700 Schafe und Ziegen sowie 210 Rinder weiden auf der hochalpinen Kirchbergalm im Ultental, die sich über 1.800 ha bis auf 3.000 Meter Seehöhe erstreckt. Noch sieht man vom Herdenschutz erst ein paar Holzpflöcke. In unmittelbarer Nähe der Schäferhütte wird demnächst ein 1,40 Meter hoher Holzzaun mit 400 Laufmetern errichtet. Der Holzzaun wird um einen von Strom durchflossenen Netzzaun auf zwei Meter Höhe aufgestockt. Kommt der Wolf, sollen die im weitläufigen Almgebiet verstreuten Schafe und Ziegen zusammengetrieben werden und die Nächte sicher in diesem Pferch verbringen. Weiden Kälber in der Nähe, kommen diese in der Nacht ebenfalls in den Pferch.

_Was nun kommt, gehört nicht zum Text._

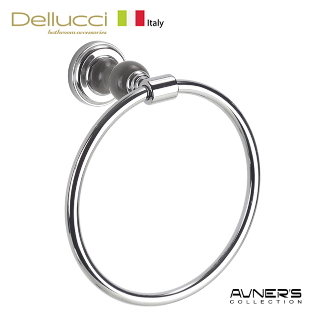 - מתלה טבעת למגבת פנים בגוון מוברש מסדרת ג'ולייט ניקל עם אפור מבית דלוצ'י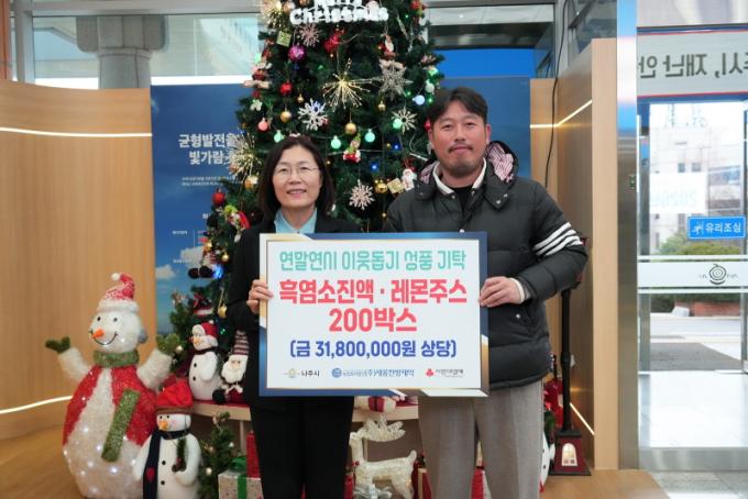 ³ªÁÖ½Ã(½ÃÀå À±º´ÅÂ)´Â ³ó¾÷ȸ»ç¹ýÀÎ ¢ß»õ·ÒÇѹæÁ¦¾à(´ëÇ¥ÀÌ»ç ¹Ú°æÇý)ÀÌ °ü³» »çȸº¹Áö½Ã¼³°ú Ãë¾à°èÃþ Áö¿øÀ» À§ÇØ Èæ¿°¼Ò Áø¾×°ú ·¹¸óÁÖ½º 200¼¼Æ®, 3180¸¸ ¿ø »ó´çÀÇ °Ç°½ÄǰÀ» ±âŹÇß´Ù°í 29ÀÏ ¹àÇû´Ù.

„Für einen kurzen Zeitraum kann das eine Verbesserung sein“, glaubt der Obmann der Alminteressentschaft, Paul Schwienbacher. Andere Herdenschutzmaßnahmen wie Schutzhunde seien in dem bei Radfahrern sehr beliebten Gebiet schwierig. Das tägliche Einpferchen hält Schwienbacher im hochalpinen Gelände weder für machbar noch für sinnvoll: „Da stürzen beim Zusammentreiben mehr Tiere ab, als vom Wolf gerissen werden.“
Dass Herdenschutz im alpinen Gebiet eine mehr als große Herausforderung ist, darüber sind sich alle einig. Auch Südtirol steht hier erst am Anfang. „Einen wolfsfreien Alpenraum wird es nicht mehr geben, so ehrlich müssen wir sein“, begründet Schuler die Anstrengungen Südtirols. Diese zielen zum einen auf eine Änderung des Schutzstatus für große Beutegreifer sowie auf eine Regelung zur Entnahme ab. Während Österreich seit 2012 über einen Managementplan für große Beutegreifer verfügt, der nur unter bestimmten Voraussetzungen auch die Entnahme von „Problemtieren“ ermöglicht, musste Südtirol aufgrund des Fehlens einer nationalen Regelung zur Selbsthilfe greifen und ein eigenes Gesetz erlassen. Herdenschutz ist auch hier die Voraussetzung. 25 Förderanträge für Schutzmaßnahmen sind bislang in Südtirol eingegangen. 250.000 Euro wurden dafür budgetiert. Seit dem heurigen Jahr wird die Errichtung von mobilen Schutzsystemen, sprich Zäunen, auf Almen mit bis zu 100% unterstützt.
Während in weiten Teilen des Alpenbogens keine Almwirtschaft mehr betrieben wird und ganze Dörfer aufgelassen wurden, hat die Bewirtschaftung der Almen in Nord-, Ost- und Südtirol einen enormen Stellenwert für die Landwirtschaft und die Pflege der Landschaft. 2.200 Almen gibt es in Tirol, 1.300 sind es in Südtirol. In Summe verbringen rund 270.000 Rinder, Schafe, Ziegen und Pferde den Sommer auf der Alm. Wie schnell sich die Präsenz des Wolfes auf die Almwirtschaft auswirkt, zeigt sich ebenfalls am Beispiel der Kirchbergalm im Südtiroler Ultental: Nach den Rissen im vergangenen Jahr wurden um 120 Schafe weniger aufgetrieben.
Im Bild: Der Obmann der Alminteressentschaft, Paul Schwienbacher, Südtirols LR Arno Schuler und LHStv Josef Geisler (von li.) beim Lokalaugenschein.